The data-transfer latency is fully hidden behind the backprojection processing. During optimization, care was taken to make use of the Cell processor’s 128 available registers per SPU to fully fill the execution pipelines. Manual loop unrolling and reordering of instructions ensured that a throughput of more than one instruction per clock cycle would be achieved. Vectorization was achieved by treating each quadruple of neighboring pixels as a 4-vector of floating-point values; therefore the number of pixels per row must be a multiple of four. Using one CBE for a flat-panel, detector- based system, such as C-arm CT or micro-CT, a back-project can be completed on a volume of 5123 voxels from 512 projections in 14 seconds. The performance can be doubled by using both CBEs available on a Dual Cell-Based Server. The time required for convolution and data reorganization prior to backprojection is in the order of 5% of the time required for backprojection and therefore negligible.
Cell and MCF:
Off-the-Shelf Solution for Embedded Applications
The performance achieved for conebeam CT with a Cell-processor-based architecture is a major breakthrough with off-the-shelf hardware.
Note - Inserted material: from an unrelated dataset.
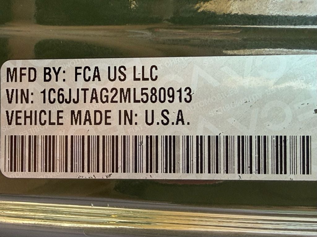 2021 Jeep Gladiator 4WD 3.6L V6 24V VVT 8-Speed Automatic New Tires, New Brakes, Off Road Package, Lift, Wheels and Tires, Gladiator Sport OFF ROAD READY / LIFT WHEELS AND TIRES, 4D Crew Cab, 3.6L V6 24V VVT, 8-Speed Automatic, 4WD, Sarge Green Clearcoat, Black Cloth, 110 mph Vehicle Max Speed Calibration, 240 Amp Alternator, 4-Wheel Disc Brakes, 4.10 Rear Axle Ratio, 7.0 Touch Screen Display, ABS brakes, Air Conditioning w/Auto Temperature Control, Anti-Lock 4-Wheel Disc Heavy Duty Brakes, Anti-Spin Differential Rear Axle, Apple CarPlay, Automatic Headlamps, Black 3-Piece Hard Top, Black Molded-In-Color Fender Flares (2-Piece), Body Color Fender Flares (2-Piece), Brake assist, Class IV Hitch Receiver, Cloth Low-Back Bucket Seats, Cluster 7.0 TFT Color Display, Compass, Convenience Group, Dana M210 Wide Front Axle, Dana M220 Wide Rear Axle, Daytime Running Lamp System, Deep Tint Sunscreen Windows, Delay-off headlights, Dual front impact airbags, Dual front side impact airbags, Electronic Stability Control, For More Info, Call 800-643-2112, Freedom Panel Storage Bag, Front 1-Touch Down Power Windows, Front anti-roll bar, Front fog lights, Google Android Auto, GPS Antenna Input, GVWR: 6,250 lbs w/Max Tow Package, Heavy-Duty Engine Cooling, Integrated Center Stack Radio, Integrated roll-over protection, Integrated Voice Command w/Bluetooth®, Leather Wrapped Steering Wheel, Low tire pressure warning, Max Tow Package w/4.10 Axle Ratio, Molded in Color Bumper w/Accent Color, Normal Duty Plus Suspension, Normal Duty Suspension, Occupant sensing airbag, Outside temperature display, ParkView Rear Back-Up Camera, Passenger vanity mirror, Popular Equipment Package, Power Heated Mirrors, Power Tailgate Lock, Quick Order Package 23S Sport S, Radio: Uconnect 4 w/7 Display, Rear anti-roll bar, Rear reading lights, Rear Sliding Window, Rear Window Defroster, Remote Keyless Entry, Security Alarm, Side Steps, SiriusXM Radio Service, SiriusXM Satellite Radio, Speed control, Speed Sensitive Power Locks, Sport S, Sun Visors w/Illuminated Vanity Mirrors, Tachometer, Technology Group, Telescoping steering wheel, Tilt steering wheel, Traction control, Trailer Hitch Zoom, Trailer Tow Package, Trip computer, Universal Garage Door Opener, USB Host Flip. CARFAX One-Owner. Clean CARFAX.

Cell-based systems deliver the processing power needed for affordable, high-performance medical imaging systems capable of living up to the requirements of modern detectors such as those designed for CT gantries and of delivering accurate data to the radiologist to make precise diagnostics. Indeed, the CBE processor proposes a new alternative to build a computer system capable of performing modern cone-beam CT reconstruction without hosting dedicated and expensive devices. The level of parallelism along with the vast I/O capabilities permits the Cell processor to efficiently implement complex CT reconstruction algorithms with close to real-time performance. The CBE enables systems to be designed where the radiologists can view images obtained from better algorithms, with higher quality, much sooner than ever before. Critical decisions can be made more rapidly and more accurately.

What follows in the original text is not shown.